Des programmes d'actions vont être mis en place, qui permettront de réunir autour d'une même table tous les acteurs concernés. Ils devraient commencer en 2006 et s'attacheront à trouver l'origine de la pollution. "Aucun site industriel ne sera oublié, même ceux qui ne paient pas la redevance, c'est-à-dire ceux qui ont des rejets peu importants", affirme le responsable de service de l'agence. Ces programmes vont aussi consister à mettre en oeuvre des dispositifs pour neutraliser les polluants. Toutefois, l'agence pense proposer et aider financièrement les industriels à construire des stations d'épuration plus performantes. Un problème demeure: les mines en amont du cours d'eau qui semblent être à responsable défaillant. Aucun exploitant n'est en effet clairement identifié pour payer des travaux de dépollution. Elles devraient donc être le problème de l'Etat.
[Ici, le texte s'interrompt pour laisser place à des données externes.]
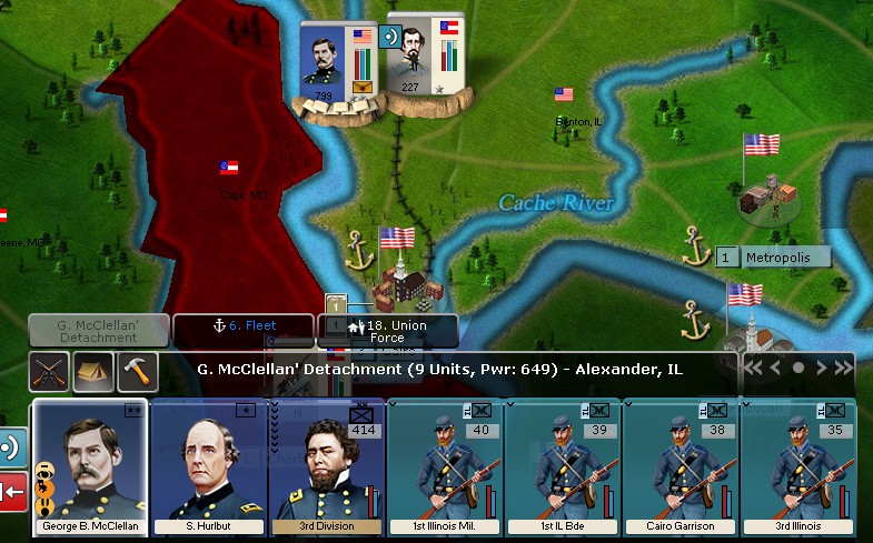 Back in Cairo, Hurlbut is inactive as well, so only 1 division in the McClellan stack. The rest are inside Cairo, together with lots of units still being built.
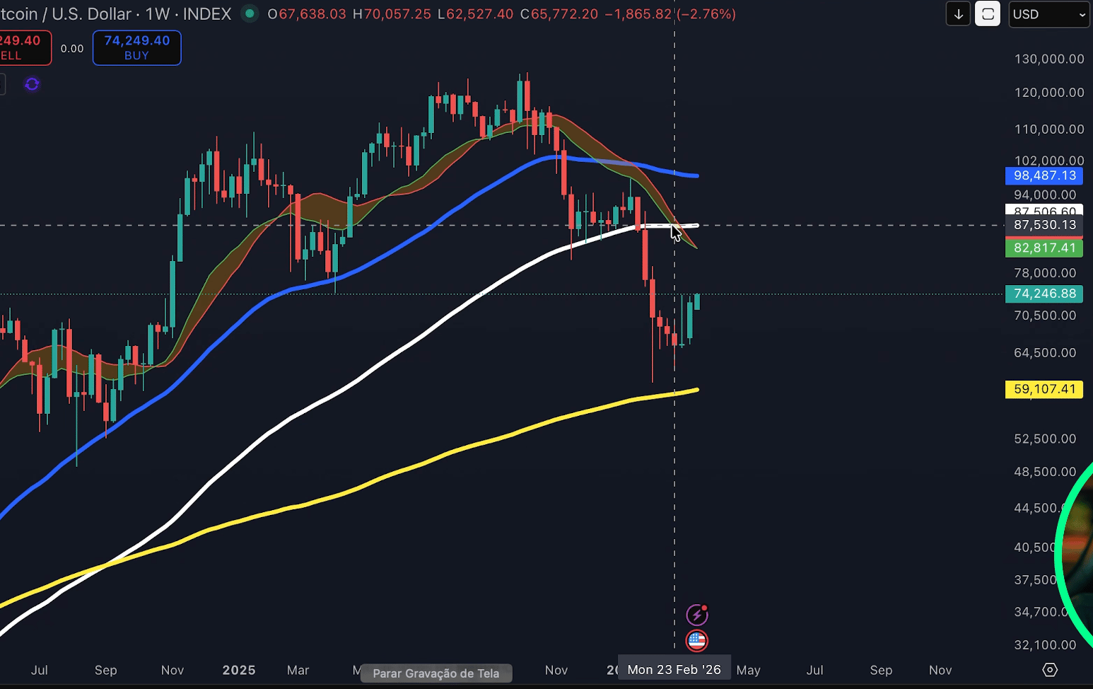 A resistência principal está em US$ 78.000, e a faixa de bull market hoje está em US$ 82.000. São essas as regiões que vão definir o próximo movimento.
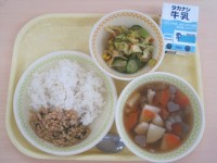 ご飯そぼろ入り卵焼きツナのカレー風味サラダじゃがいもと玉ねぎのみそ汁牛乳ツナのカ...
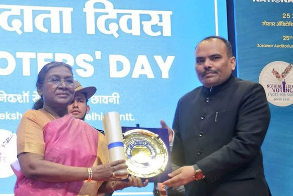 JAMMU, Jan 27: Jammu and Kashmir Chief Election Officer P K Pole was honoured by President Droupadi Murmu in the national-level programme organised on National Voters’ Day at Manekshaw Center in New Delhi.
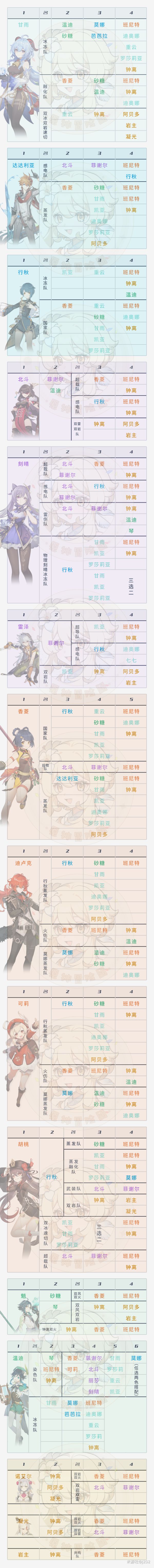 然后确定深渊上下两层队伍,本期12层没有需要破盾的地方,唯一要注意的就是12-2的讨债人的火抗、雷莹的雷抗、冰莹的冰抗以及冰盾、12-3的小宝、遗迹重击的物理抗性。上层可以【胡桃、行秋、砂糖、班尼特】或者【香菱、北斗、菲谢尔、班尼特】或者【香菱、行秋、重云、班尼特】或者【香菱、达达利亚、砂糖、班尼特】,下层可以用温迪、莫娜、甘雨、迪奥娜冰冻队。
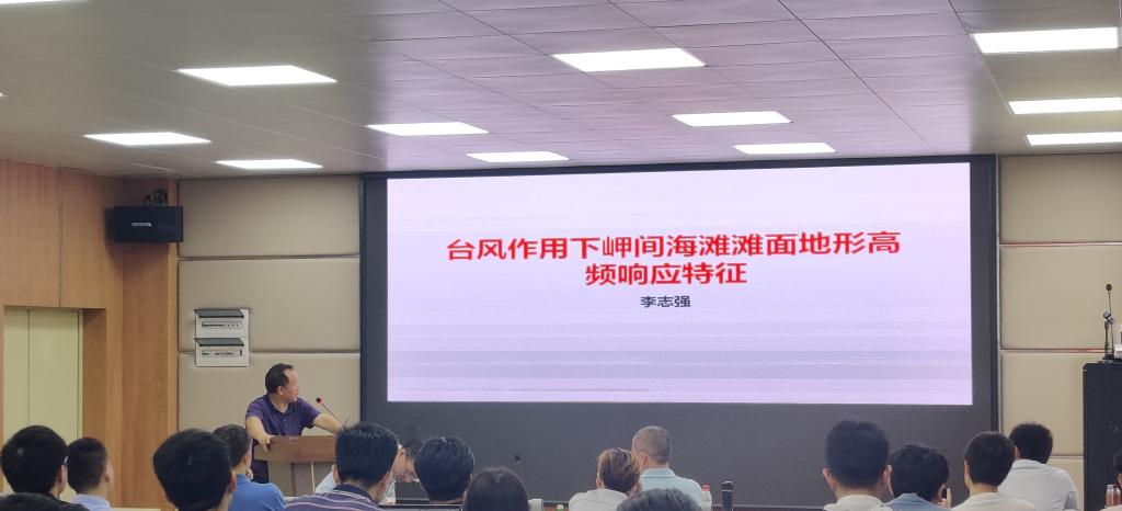 本次会议共组织了16场学术报告,其中6场为本校研究生所做报告。在报告开始之前,物理海洋、海洋气象、海洋化学和边缘海地质学各个学科方向均派代表老师在会上针对各自方向的近期研究作了简单汇报。学科方向汇报完成后,学术报告专场正式开始,李志强教授首先台为我们介绍了风作用下岬间海滩滩面地形高频响应特征,随后代替未能到场参会的张鹏老师作了题为“Long-term red tide outbreaks, nutrients pattern under the climate change and anthropogenic pressures in the Zhanjiang Bay, China”的学术报告。彭诗云、韩利国、罗亚飞、谢辉、李高聪、李敏、梁梅和李君益等多位老师都就各自领域的最新研究进展作了精彩纷呈的汇报。另外今年会官网的陈国生、陈莹、黄润琪、冯伟家、陆旋和王焕等多位优秀研究生也就自己研究内容进行了汇报。现场讨论激烈,氛围浓郁,学术会议取得良好效果。

Une étude de l'Institut national de veille sanitaire (INVS), publiée le 25 février, s'est attachée aux risques sanitaires encourus par les consommateurs des produits de la pêche des cours d'eau pollués. Elle fait souvent référence au Gave de Pau. Mais les actions menées pour la restauration de l'écosystème ne devraient pas avoir de résultats tangibles avant plusieurs années.